In one example, the original title “China excels at the Paralympics, but its citizens with disabilities fight for more opportunities” translated as “China excels at the Paralympics, but its citizens with disabilities still struggle to get into the Games Paralympics”.
Attacks on Asian-American Journalists Outside of China
CPJ’s attack on NPR journalist College Daily It also represents a growing trend in Chinese propaganda targeting reporters of East Asian descent whose independent reporting is perceived by the authorities as a betrayal of their roots and homeland.
Sophie Beach details:
“Chinese journalists are called ‘racial traitors’ if they report anything less than flattering about China.
The worst attacks seem to be against women of Chinese descent, because nationalism always has a strong misogynistic tide.”
But in CPJ’s view, the narrative by Chinese-born journalists that the media and Western governments serve as political tools to defeat China may have “sinister uses” that could discredit their work as well as raise fears that they could face legal prosecution in the future. country.
The organization’s survey cites a case that occurred in December 2021 as an example.
State propaganda tabloid Global TimesHe described the Chinese-born visual investigative reporter Muyi Xiao, an offshoot of the state-run newspaper The People’s Daily. New York Times, As an example of a professional using the Western media to “ambush his friends and his homeland from behind”.

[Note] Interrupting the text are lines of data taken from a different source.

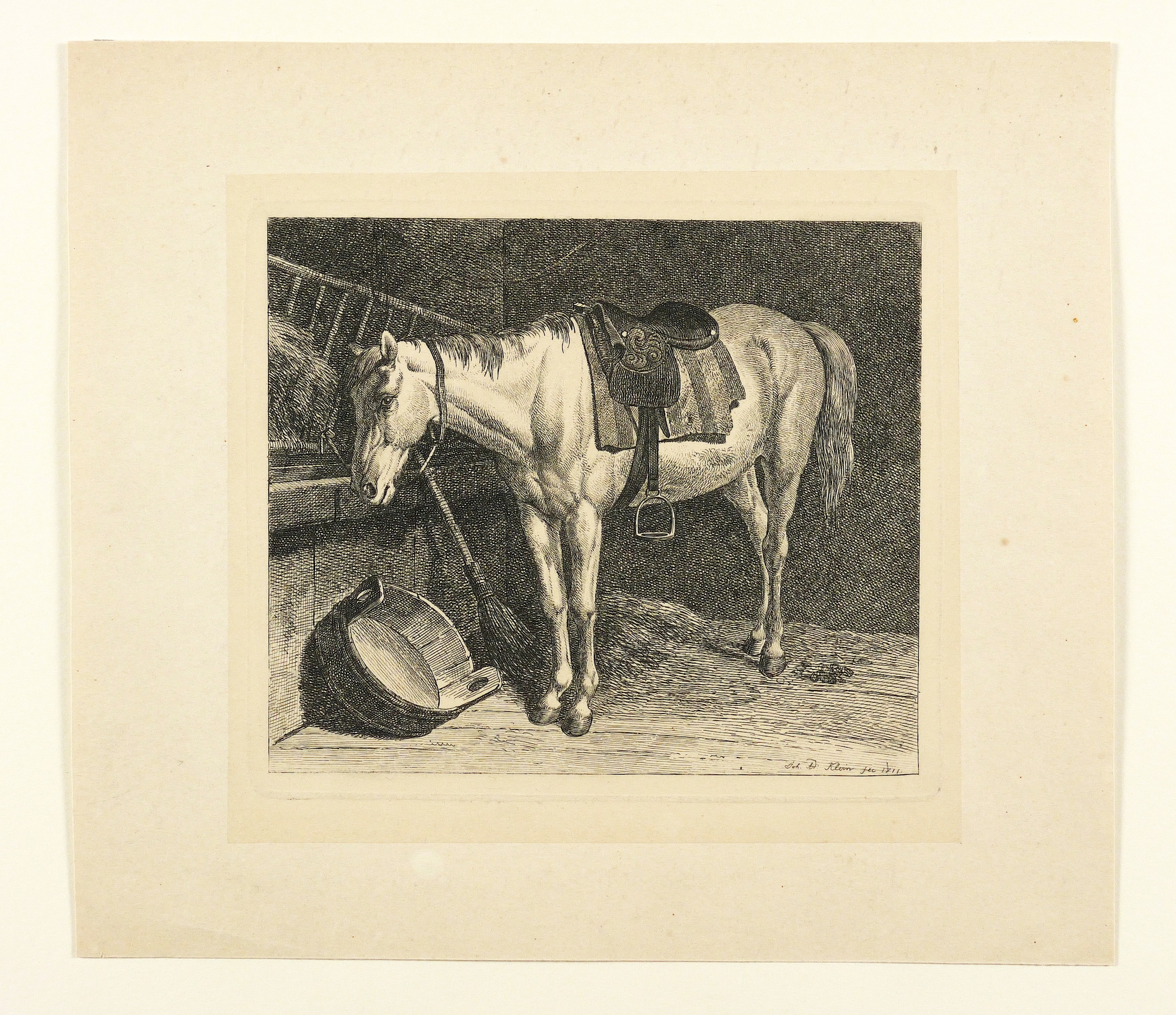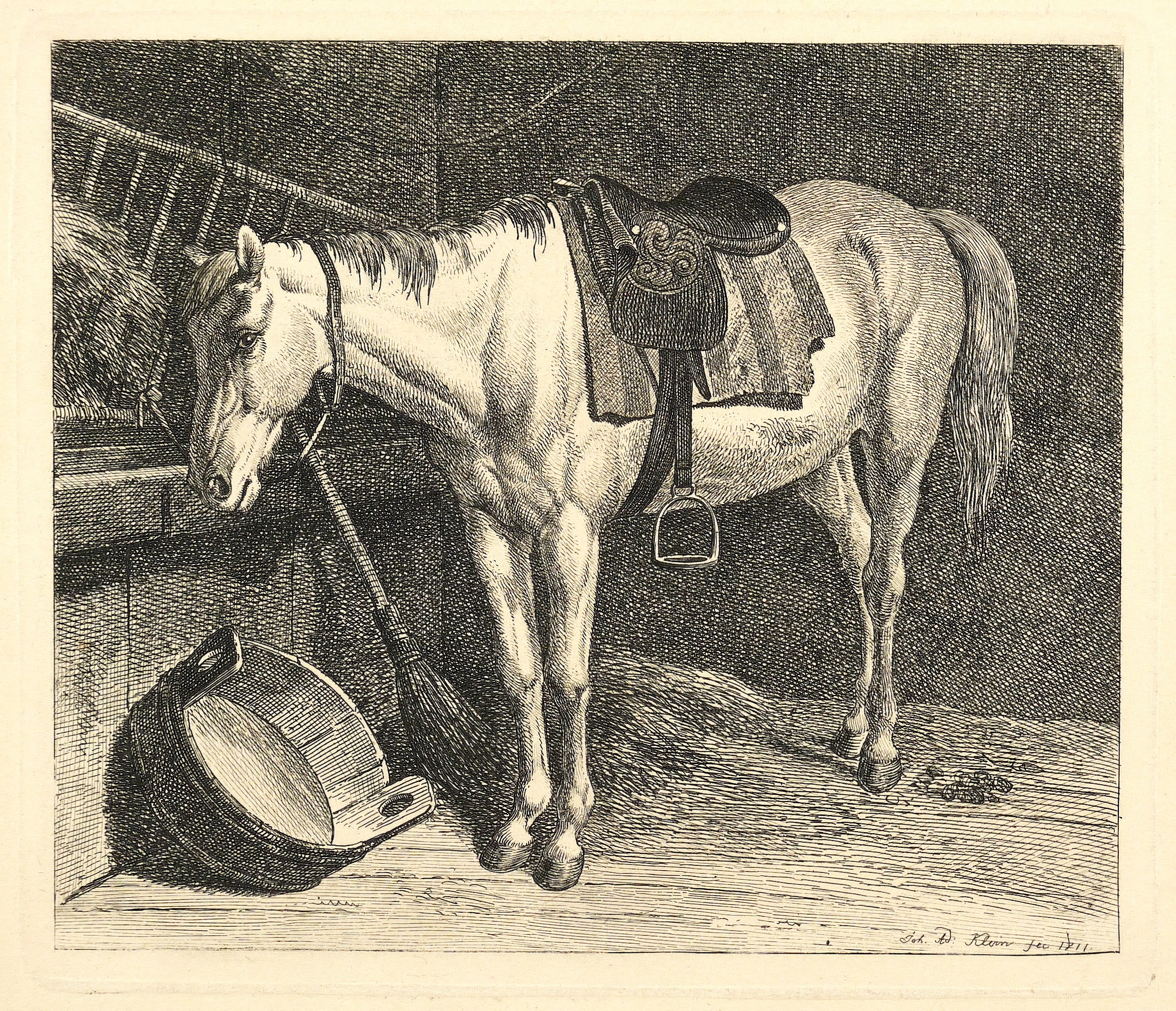 Klein, Johann Adam. – Schimmel. – „Der gesattelte Schimmel im Stall”.
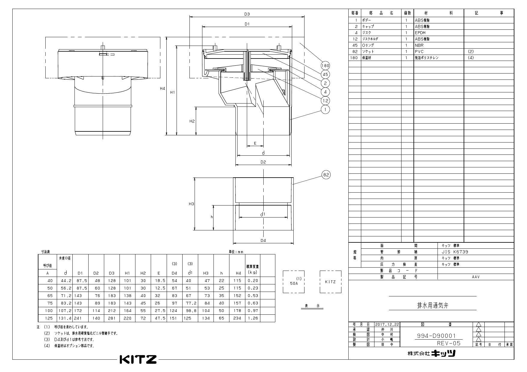 ●弁種: 排水用通気弁 ●接続形状: JIS K6739 ●ボデー: ABS樹脂 ●キャップ: ABS樹脂 ●ジスク: EPDM ●ジスクホルダ: ABS樹脂 ●Oリング: NBR
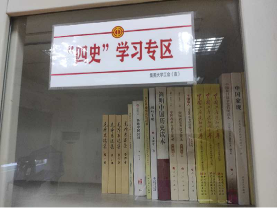 近日,校工会在水产学院、计算机工程学院等九个部门工会小家设"四史"学习专区,并在每个学习专区置《中国共产党的九十年》、《习近平新时代中国特色社会主义思想学习纲要》等学习书籍20余册,为教职工强化政治素养提供平台。
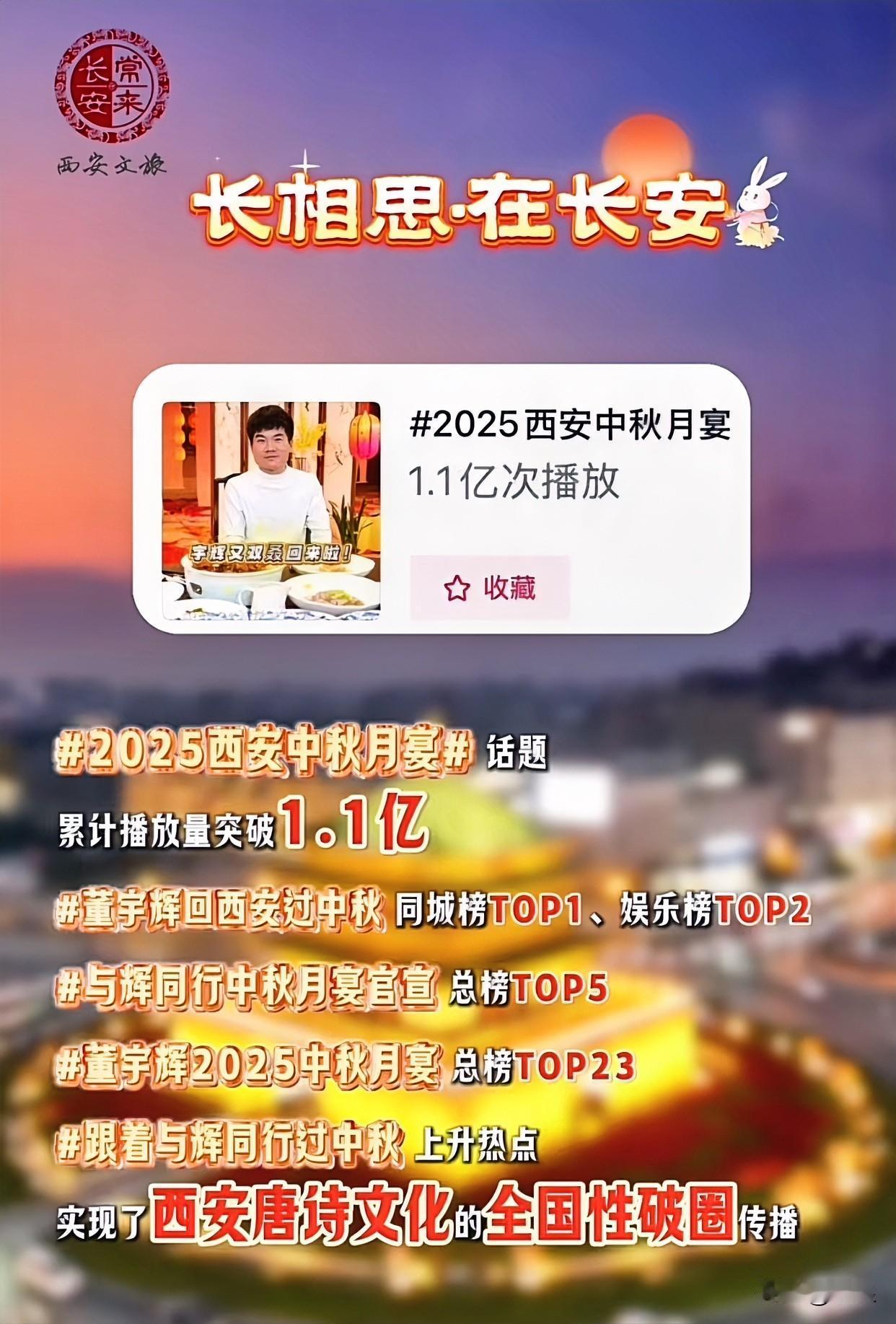 西安文旅刚刚发布了战报 董宇辉中秋月宴成功实现破圈 抖音端曝光2.5亿+ 累计播放量1.1亿 三项核心数据均为抖音全站第一 还上了各种榜单,总榜第23 同城榜第一,娱乐榜第二 这些数据表明了一件事 在娱乐至上的时代 只要用心做事 文化也能引爆网络 西安文旅给的总结是 “此次中秋月宴不仅让唐诗之都 成为西安的文化符号 更成为带动文商旅高质量发展的强劲引擎” 一个官方组织给予了如此高的评价 可见董宇辉的这场中秋月宴有多成功[赞]
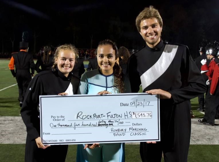 Additional funds donated after the Roxbury Classic event by individuals raised the total donation to $1,800, to be delivered to Rockport Fulton HS Bands by Roxbury Band Parents Association Treasurer, Tom Graf. Click here to read more about this event.
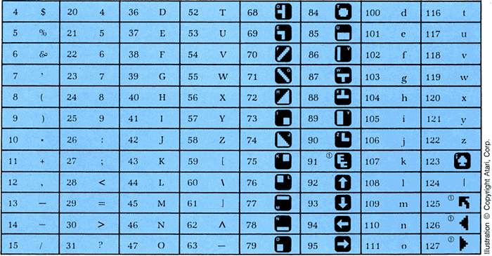 Before we leave the wonderful world of character graphics, we need to bring up a few more things. First of all, if you've looked at the ATASCII table yet, you've probably noticed that there are only 128 characters in the character set. But each byte in screen memory can hold a number between 0 and 255, or a total of 256 numbers. What about the other 128 characters? Well, if GTIA sees a character value greater than 127 (in other words, if bit seven is set) then it takes the value, subtracts 128 from it to get a new value, and then puts the character with this new value up on the screen in inverse video. Inverse video is what you get when you type a character after pressing the inverse key (the key with either the Atari logo or a half-full square on it, depending on which Atari computer you have). So, for example, an inverse video "H" would have a value of 168 (40 + 128).

The article stated that Xiao’s curriculum includes working with the Magnum Foundation, ChinaFile, and other groups. The newspaper described some of these NGO organizations as “anti-Chinese” and accused Xiao of “lying to his heart” or “acting like a convert” in his dealings with them.
“By associating Xiao with foreign NGOs, the state may be laying the groundwork for filing the Overseas Non-Governmental Organizations Activities Management Act, which prohibits Chinese citizens from ‘engaging in temporary activities in mainland China’ and ‘acting as intermediaries’ to foreign NGOs.
Those found guilty of stealing, secretly collecting, buying or illegally giving away state secrets may face five to 10 years in prison.”
We Olympic Games inside Beijing Winter 2022, office boss from the Washington Postt Chinese, US-born Taiwanese Lily Kuo has received a lot of backlash on Twitter. A story about the mocking mascot Bing Dwen Dwen, who had to return Your tweets are temporarily private.
However, the journalist reported that the attacks continued via e-mail. One of the messages calls him ugly, stupid, says his shit-filled head needs to be destroyed and ends with “go to hell”.
To stop what seems like a never-ending steam of abuse after a Bing Dwen Dwen story, I blocked a bunch of accounts and protected my tweets today. Now they email me their insults! This really made me laugh. pic.twitter.com/YJWbkQsN0n
– Lily Kuo (@lilkuo) February 11, 2022
Reporters who are not Chinese citizens face less risk, but are not immune to Chinese pressures.
CPJ recalled the case of the BBC’s Beijing correspondent, John Sudworth. In March 2021, he left China, where he had been for nine years, due to threats of surveillance, obstruction, intimidation and legal action against him and his staff.
Sudworth became the target of online propaganda campaigns after reporting on the origins of Covid-19, re-education camps and forced labor in Xinjiang’s cotton industry.
At a news conference after Sudworth left the country last year, State Department spokesperson Hua Chunying told foreign reporters: “There is a price to be paid for those who spread rumors and defamation.”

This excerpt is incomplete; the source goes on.